Spotting the Best Predators in the Wild

For the most part, these are the best hunters in Africa. It’s not all success, though, as clearly the hunt is only half the game.

In many cases, it also becomes a question of an animal predator holding onto the kill as bigger or more numerous predators are always looking to steal the prize.

It’s also clear that those who hunt in packs tend to do a lot better than solo artists. And in many cases, mothers with young will go for easier prey to feed their litters.

In the end, it’s not a race, but African predators can be deadly, and even at low success rates, they are truly beautiful to see. Make a point of trying to spot them on your next safari trip.

About The Author

4 thoughts on “What African predators have the highest hunting success rate?”

  1. Of 1,300 hunts observed in the Serengeti, 48% involved only one lion, 20% involved two, and the remainder involved a group of three – eight (up to 14). Lions hunting in pairs and groups have a success rate of c. 30%. Lions hunting singly by daylight have a success rate of 17 – 19%, but are the equal of groups at night reopening the debate as to why lions became the only sociable cat; maybe it is to control exclusive hunting grounds. – The Behavior Guide to African Mammals: Including Hoofed Mammals, Carnivores, Primates by Richard D. Estes, 2012, p. 372.

    Of all the cats you would expect the largest, the tiger to take down the biggest prey, but they don’t. Tigers very often target prey which is much smaller than themselves. There is one big cat, however, to whom size is no object, one cat that stalk, chases and feeds like no other, the lion. Despite being smaller than the tiger, the lion is the cat that taking down by far the biggest prey. – BBC Earth documentary: The wonder of animals, 2014.

    Lions are the least afraid of anything of all the predators,” says Craig Packer, an ecologist with the University of Minnesota and one of the world’s foremost lion experts. Though female lions hunt gazelles and zebras, male lions are in charge of hunting large prey that must be taken down with brute force. – Craig Packer, national Geographic, Sept 21, 2018.

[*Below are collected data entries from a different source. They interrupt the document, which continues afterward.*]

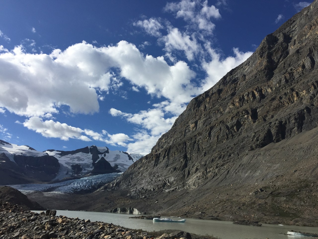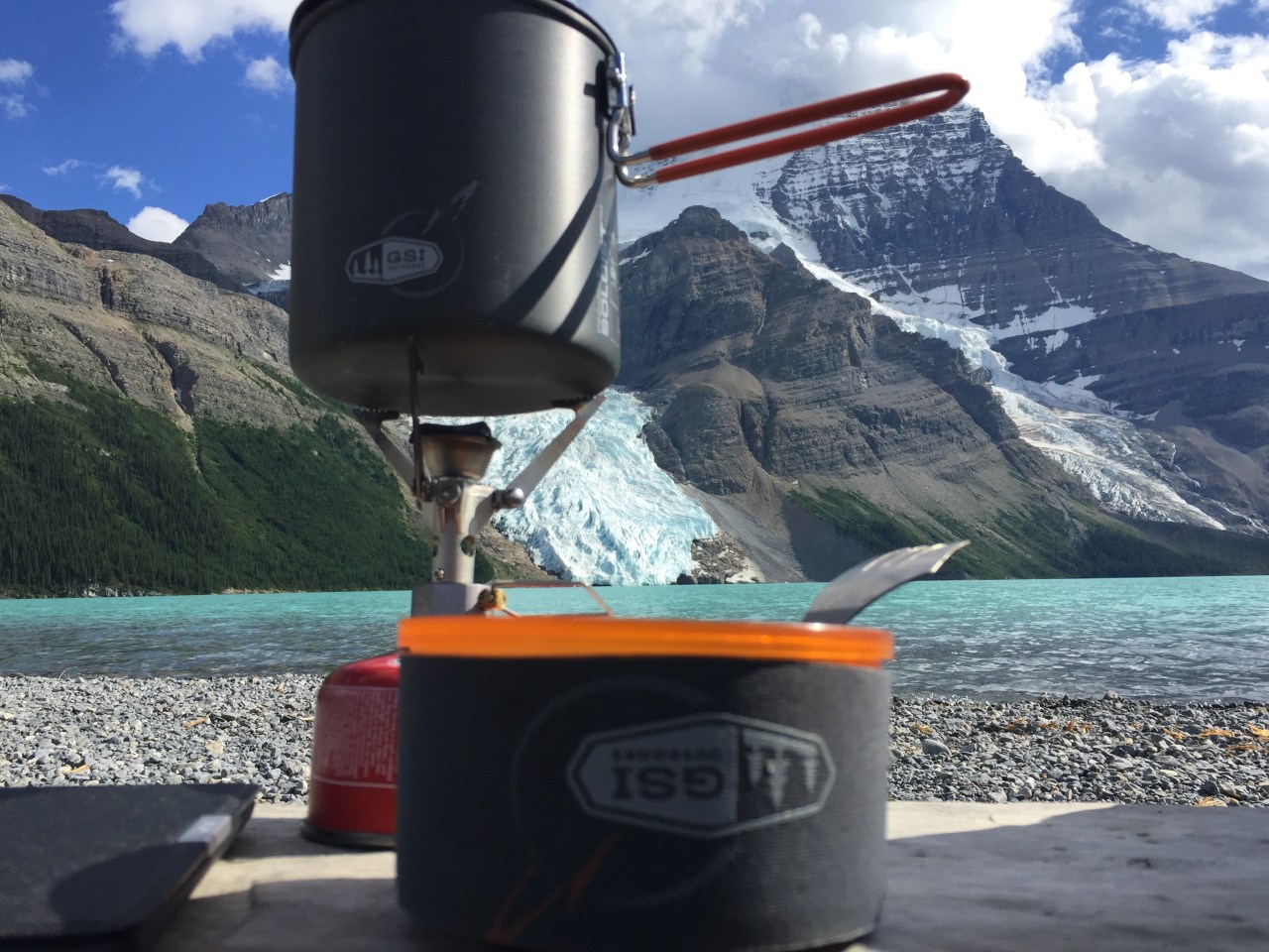 BerglakeArrived already at 1pm at the Berglake Campground, pitched the tent. Knee was perfect today, 10 km mountain up. And now relaxing at this fabulous spot already for hours! Do not feel like swimming in this lake…the glacier is too close.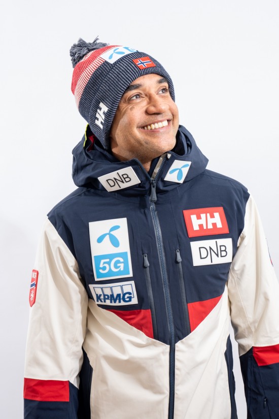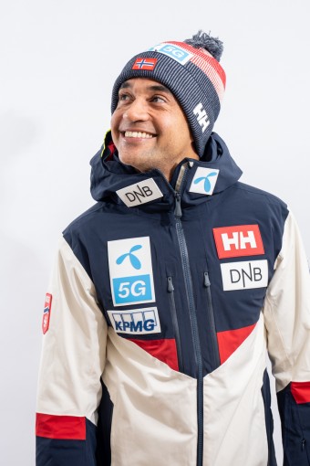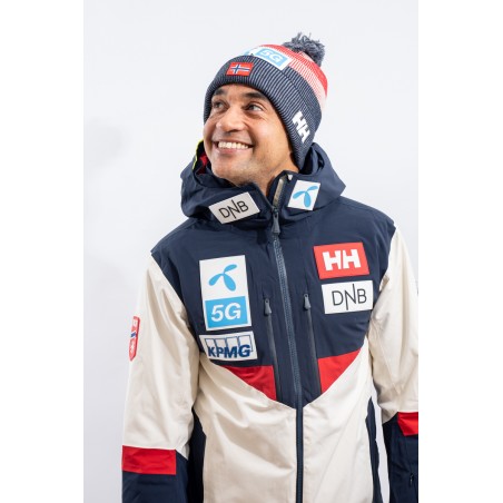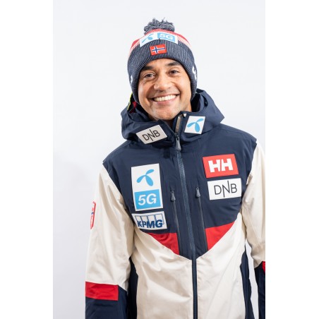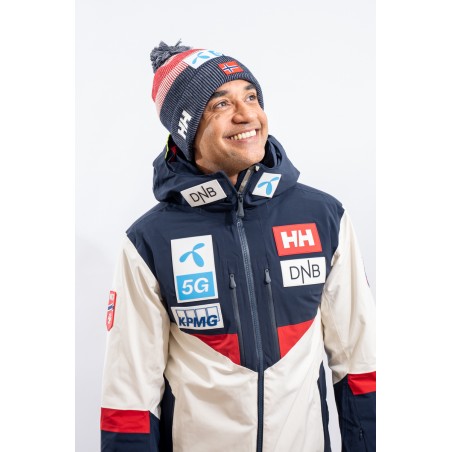 Beanie with pom-pom inspired by the Norwegian national alpine ski team, on the front it bears the patches of the team sponsors. Made of recycled polyester and ribbed in contrasting color with cuff at the hem and pompoms.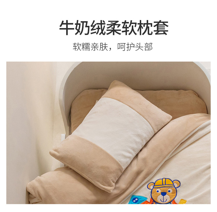喜多兔 2022新款全消光牛奶绒幼儿园三件套-小伙伴 米色快乐挖掘机

    Male lions are effective killers of large preys. – National Geographic, March 15, 2011.


    Considering lions live mostly in open fields of the world’s hottest continent. Lions don’t benefit from the same camouflage advantages of the thick vegetations of the jungle.

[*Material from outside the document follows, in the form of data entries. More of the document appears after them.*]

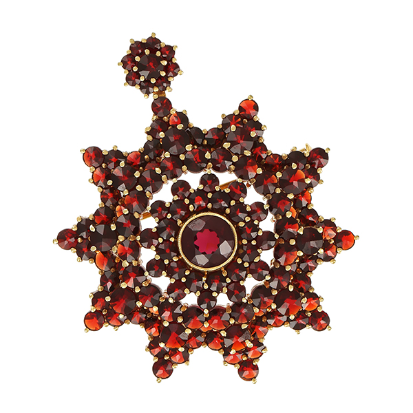 Anhänger, 14K, Gelbgold, Granat, broschiert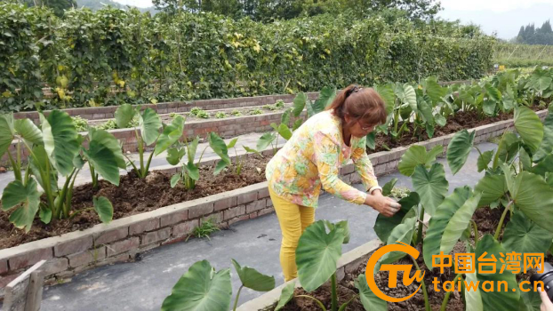 胡媽媽查看農(nóng)作物長(zhǎng)勢(shì)(圖片來(lái)源:四川省臺(tái)辦)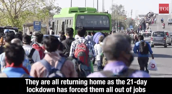 3月底,德里便发生了流动工人大规模返乡的事件。大批工人听信了“北方邦组织返乡”的谣言后,搭乘德里指派的公交车前往北方邦境内。但工人到达后却未见传闻的北方邦返乡车辆,只能选择徒步返乡。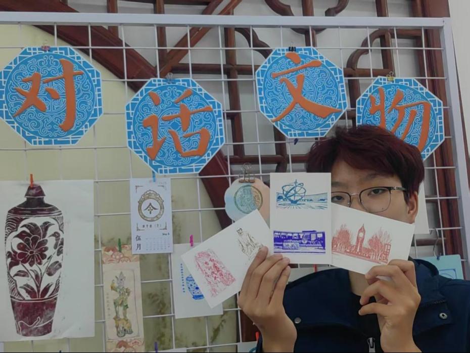 完成線裝書(shū)縫制后,研學(xué)活動(dòng)轉(zhuǎn)入文物集章打卡區(qū)。這里陳列著回墨、滾輪、套色等不同形制的各色印章,既有“宣德?tīng)t”“錯(cuò)金刀”“博山爐”等文物復(fù)刻圖案,又有“興文樓”“時(shí)間廣場(chǎng)”“鋼筆尖”等校園地標(biāo)元素。參與者手持自制線裝本,穿梭于印章桌臺(tái)間,在蓋章互動(dòng)中與印刷、篆刻與傳拓技藝親切對(duì)話,收獲了承載師大記憶的文物書(shū)簽與明信片。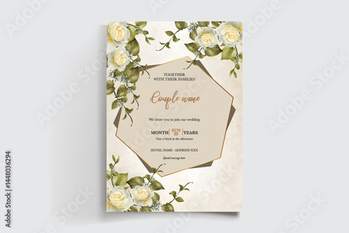 WEDDING INVITATION FRAME WITH FLOWER DECORATIONS AND FRESH LEAVES

    The African savanna is where the biggest, tallest, fastest and more aggressive animals are found. Between their numerous violent fights with other lions or hyena clans they hunt, often outnumbered, the biggest prey on earth.

    Considering the single lion that has the greatest predator-prey weight ratio and face the greatest challenges of all the land predators, their successful hunt-rates are amazing. After all, no big land predators have a more brutal and violent lifestyle as the mighty lion.

  3. It’s a shame that so much of this information is misleading, exaggerated and based on debunked misconceptions. There’s also no links to scholarly works that prove any of these claims.

    1. Hi Leesa,

      Can you please be more specific about the things you find “misleading, exaggerated and based on debunked misconceptions”?

      The study of “hunting success rates” is forever evolving. So if you have more accurate information on the matter, we’d be delighted to hear it.